Earlier this week I was booked--sans audition--for a Blue Cross Blue Shield voice over gig. Nice! I stopped by Soundtrack Studios Boston this morning to record. When the copy was sent to me yesterday afternoon, I was surprised to discover it was the same copy I had read in some demos for the client about eight months ago! Having read the demos (and having felt quite confident in my read), I was kind of disappointed to not hear from them. After a couple months I figured, Oh well. They didn't like my read. That's that. It was a nice compliment to know they hadn't forgotten about me and that the campaign had just been on hold for a little while!

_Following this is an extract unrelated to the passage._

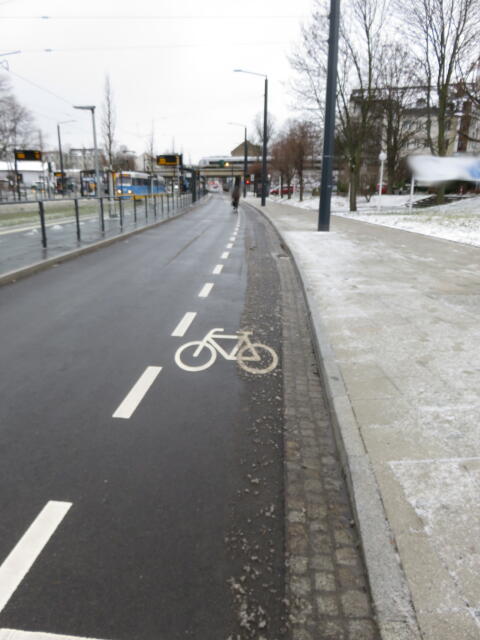 ♦ Noch ist nicht so viel Schnee. Aber das mit den schwarzen Pollern wird wahrscheinlich zum Problem, wenn man hier ordentlich räumen will. Als Radfahrer muss man hier auf die Fahrbahn.

I read two 15 second radio spots today, targeting 18-24 year-olds. One was called "Concealer" and the other, "Pedicure". Both addressed the need for health insurance using a comedic tact. Voice over can be kind of an impersonal business and can really illustrate how time is money. The talent walks into the studio. Sometimes the client greets you, sometimes not. Immediately, the talent steps into the booth and dons the headphones while the engineer gets the mic and the levels set. And then it's down to business. When it says "Radio :15" at the top of the copy, they really mean, Read the spot in 15 seconds--no more, no fewer. My first few reads were 60-80 seconds fast, so I slowed down. It's hard to sound and act like a 19-year-old and talk slowly at the same time! One would think that time could be adjusted in post-production. But remember: they're already paying $185 an hour for studio time. An additional engineer to edit could cost that much or more. Plus, they're paying the talent. So, in essence, it is the talent's job to not only deliver the copy well and read in character, but also do it for the precise duration required. Furthermore, it's surreal to be encased in a soundproof booth, watching people's lips move and heads nod yes or no while discussing your work, but hearing nothing. It's like being an unintentional voyeur while trapped in a cage.

Pleasantly, today's gig went well. The client was friendly and the read was efficient--less than half an hour! Plus, I think the client got precisely the read they wanted.